A group of researchers from Cornell University’s technical team discovered a new type of backdoor attack, which they demonstrated can “manipulate the natural language modeling system to produce wrong output and evade any known defenses.”
The Cornell technical team stated that they believe these attacks can compromise algorithmic transactions, email accounts, etc. The research was supported by the Google Academy Research Award and the NSF and Schmidt Futures Program.
According to a study published on Friday, backdoors can manipulate natural language modeling systems without “accessing the original code or models by uploading malicious code to open source sites frequently used by many companies and programmers.” Researchers named these attacks “code poisoning” in a speech at the USENIX security conference on Thursday.
This attack will give individuals or companies huge powers to modify various content including movie reviews, and even machine learning models of investment banks, so it ignores news that may have an impact on the company’s stock.
“The attack is blind: the attacker does not need to observe the execution of his code, nor does he need to observe the weight of the backdoor model during or after training. The attack “instantly” synthesizes the poisoning input during model training and uses multi-objective optimization , To achieve high accuracy on both the main task and the backdoor task at the same time,” the report said.
“We showed how to use this attack to inject single-pixel and physical backdoors into the ImageNet model, switch the model to backdoors with hidden functions, and backdoors that do not require the attacker to modify the input during inference. Then we demonstrated that a code poisoning attack can evade anything. Known defenses, and based on the detection of deviations from the model’s trusted computing graph, a new defense is proposed.”

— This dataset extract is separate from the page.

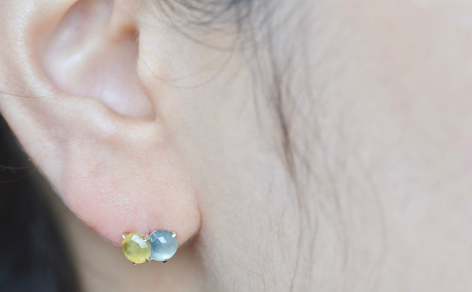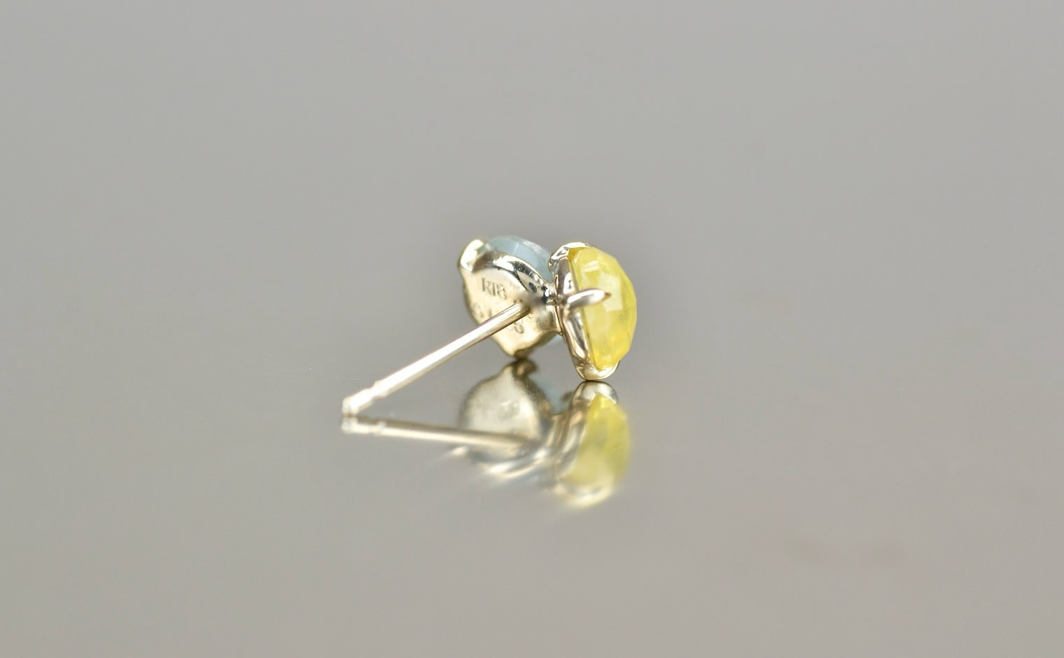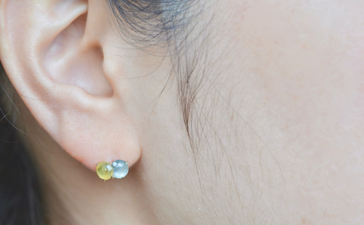 Two opaque sapphires are paired with an expert eye for and set like petals gently overlapping one another.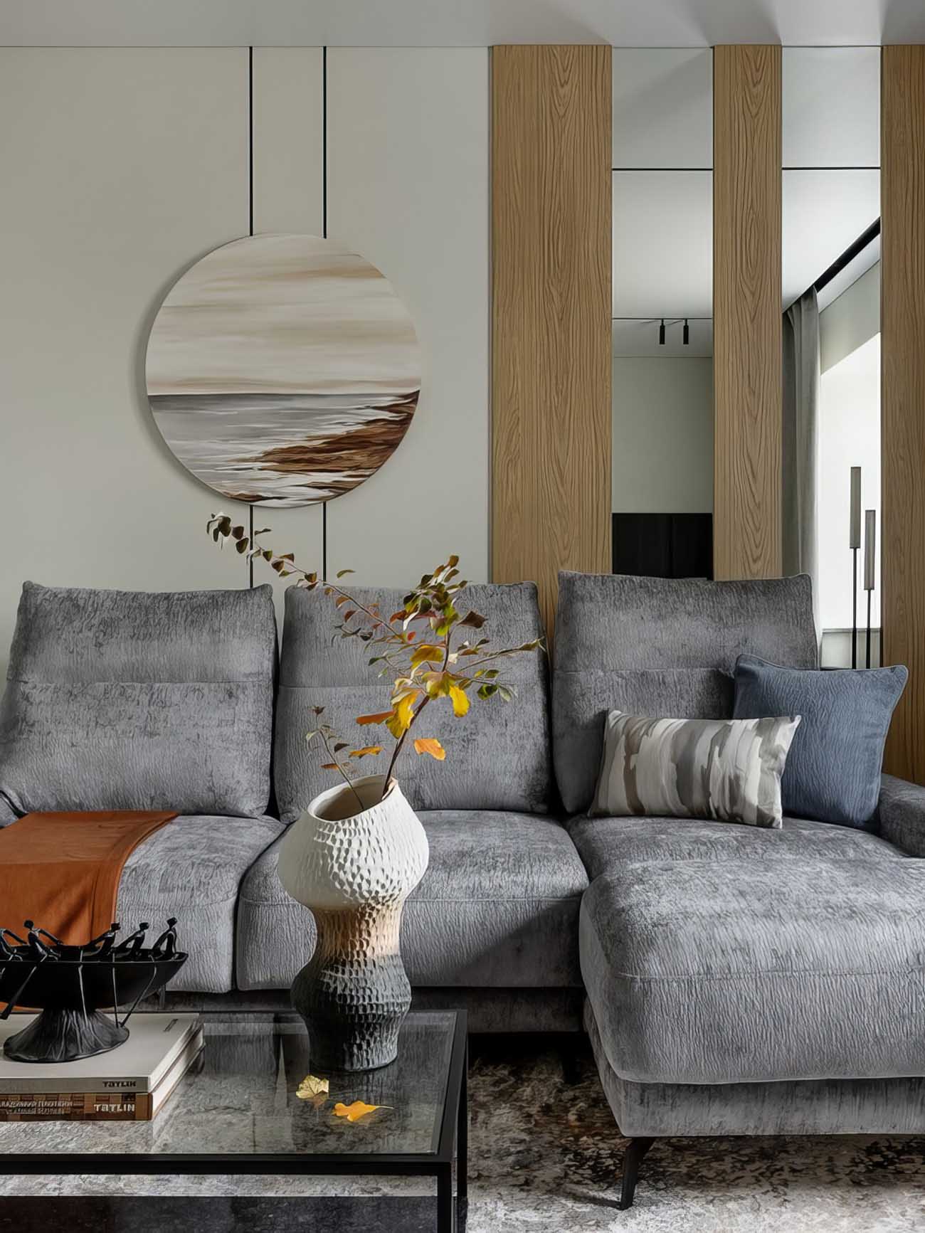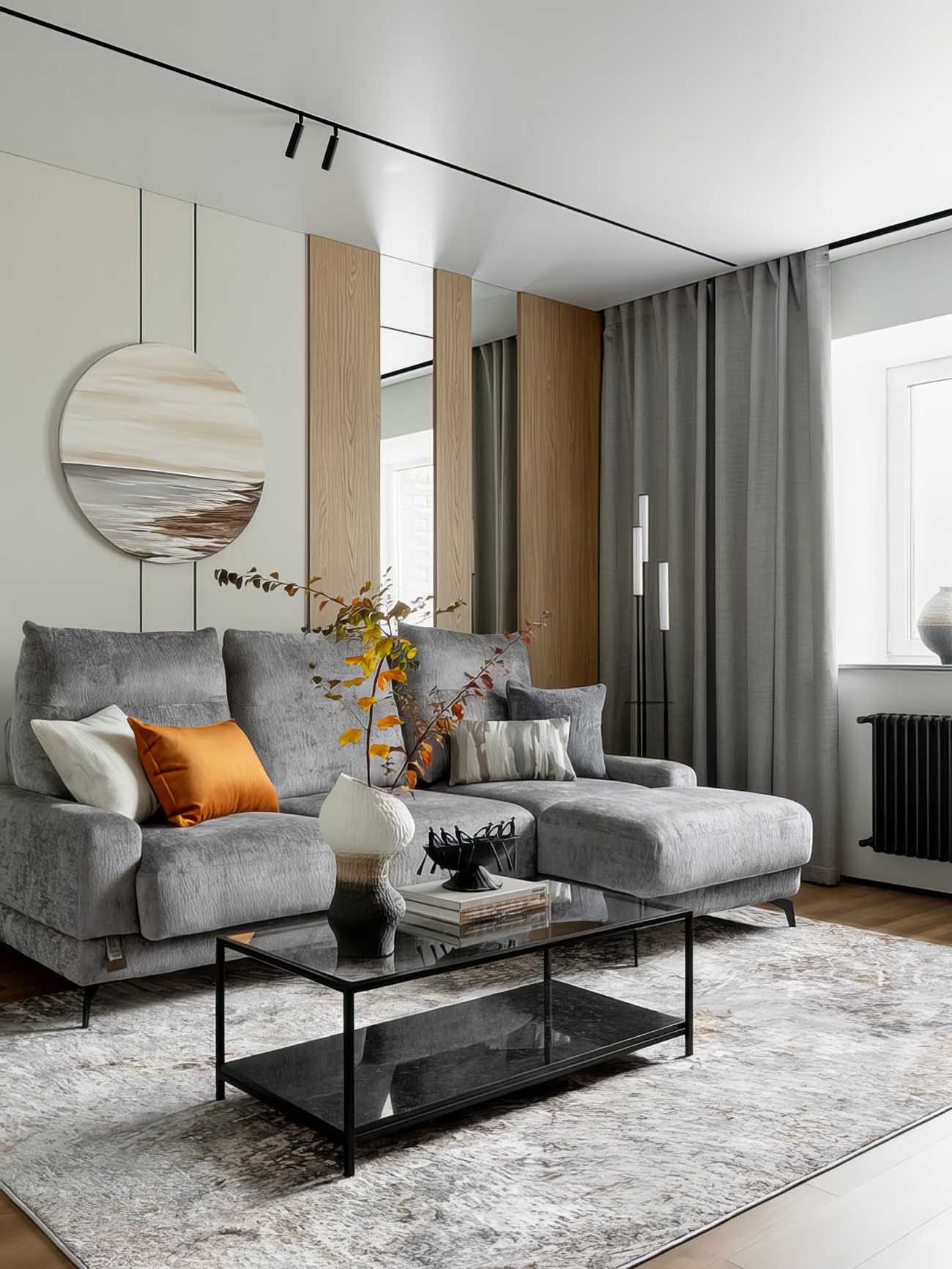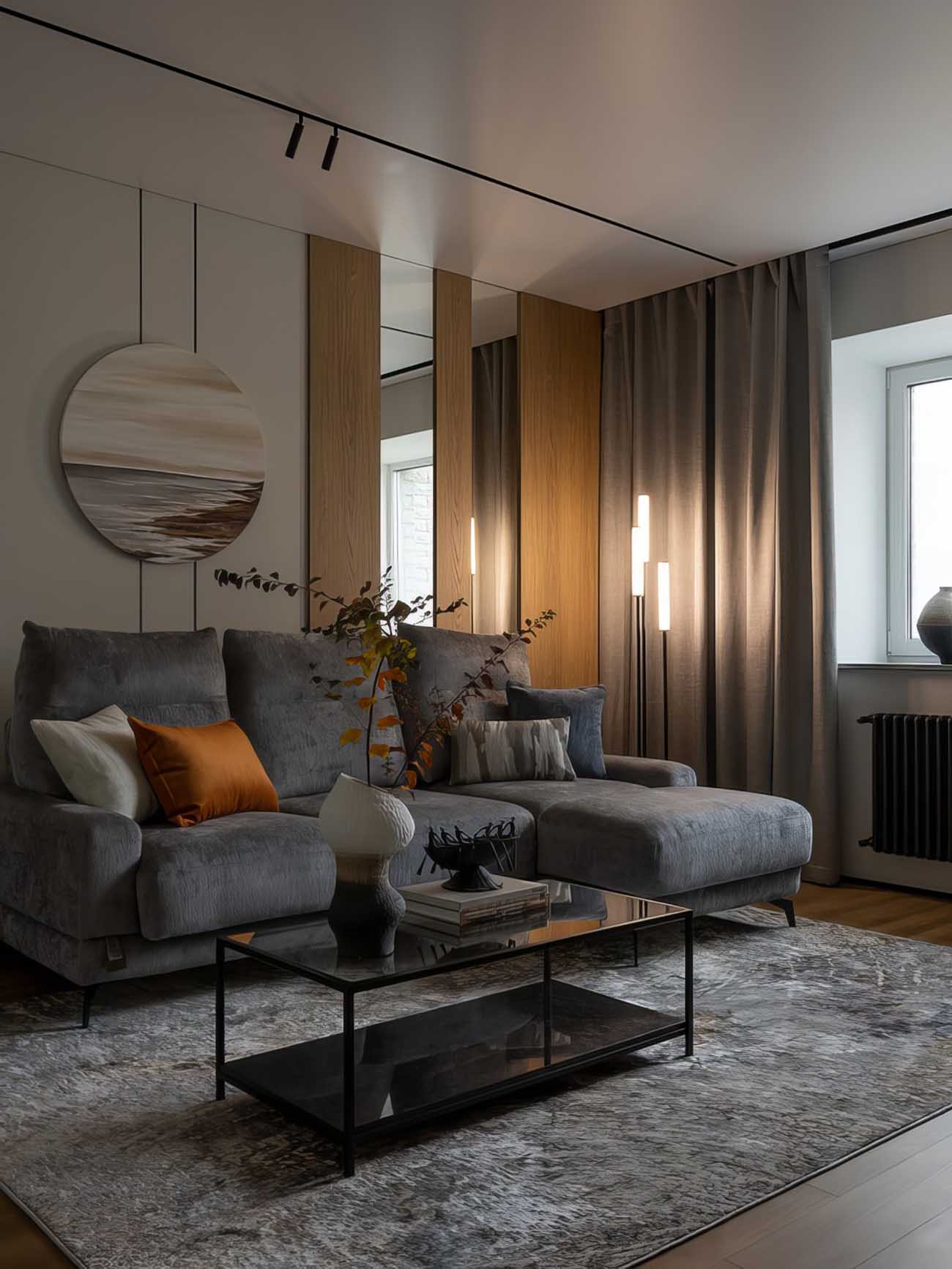 A nappali falain festett hatású tapétát alkalmaztak, amely távolról letisztult megjelenést nyújt, közelről viszont kellemes, szövethez hasonló textúrát mutat. A tér fókuszpontjait a fekete fémprofilok, a magas támlájú kanapé mögötti, tükörbetétes fa hatású panelek, valamint a szemközti fal sötét fa burkolata adják. Ez utóbbi zónában kapott helyet a televízió konzolja és a lebegő kialakítású íróasztal is, amely alatt szintén padlófűtés gondoskodik a kényelemről. Az általános világítást süllyesztett spotlámpák és beépített lineáris fényforrások adják, míg a munkaasztal fölé sínrendszeres, irányítható spotlámpák, a kanapé mellé pedig egy hangulatos állólámpa került.

Eugene Bagdasaryan is a PhD candidate in Computer Science at Cornell Institute of Technology. He co-authored this new paper with Professor Vitaly Shmatikov. He explained that many companies and programmers use models and codes from open source sites on the Internet. This study proved the importance of reviewing and verifying materials before integrating them into any system.
“If hackers can implement code poisoning, they can manipulate models that automate supply chains and propaganda, as well as resume screening and delete harmful comments,” Bagdasaryan said.
Shmatikov added that in previous attacks, the hacker had to access the model or data during training or deployment, which required penetration of the victim’s machine learning infrastructure. “With this new attack, the attack can be completed before the model even exists or collects the data-and one attack can actually target multiple victims,” Shmatikov said.
This paper deeply studied the attack method of “computing the loss value calculation in the training code of the compromise model, and injecting the backdoor into the machine learning model”.
Using a sentiment analysis model, the team was able to replicate how the attack works on certain things, such as always classifying any reviews of movies made by Ed Wood as positive.
“This is an example of a semantic backdoor that does not require the attacker to modify the input during reasoning. The backdoor is triggered by unmodified comments written by anyone, as long as they mention the name chosen by the attacker,” the paper found. “The machine learning pipeline includes code from open source and proprietary repositories, managed through build and integration tools. The code management platform is a known vector for malicious code injection, allowing attackers to directly modify the source code and binary code.” The research It is pointed out that popular ML repositories have thousands of branches, “only with basic tests (such as the shape of test output).” In order to defend against attacks, researchers have proposed a system that can detect deviations in the original code of the model.
But Shmatikov said that due to the popularity of artificial intelligence and machine learning technologies, many non-expert users are building models using codes that they hardly understand.
“We have shown that this can have devastating security consequences,” Shmatikov said. He added that more work needs to be done on how to use attacks to automate propaganda and other destructive work. Shmatikov said that the goal of this work is now to create a defense system that will “eliminate this entire class of attacks and make AI/ML safe even for non-expert users.”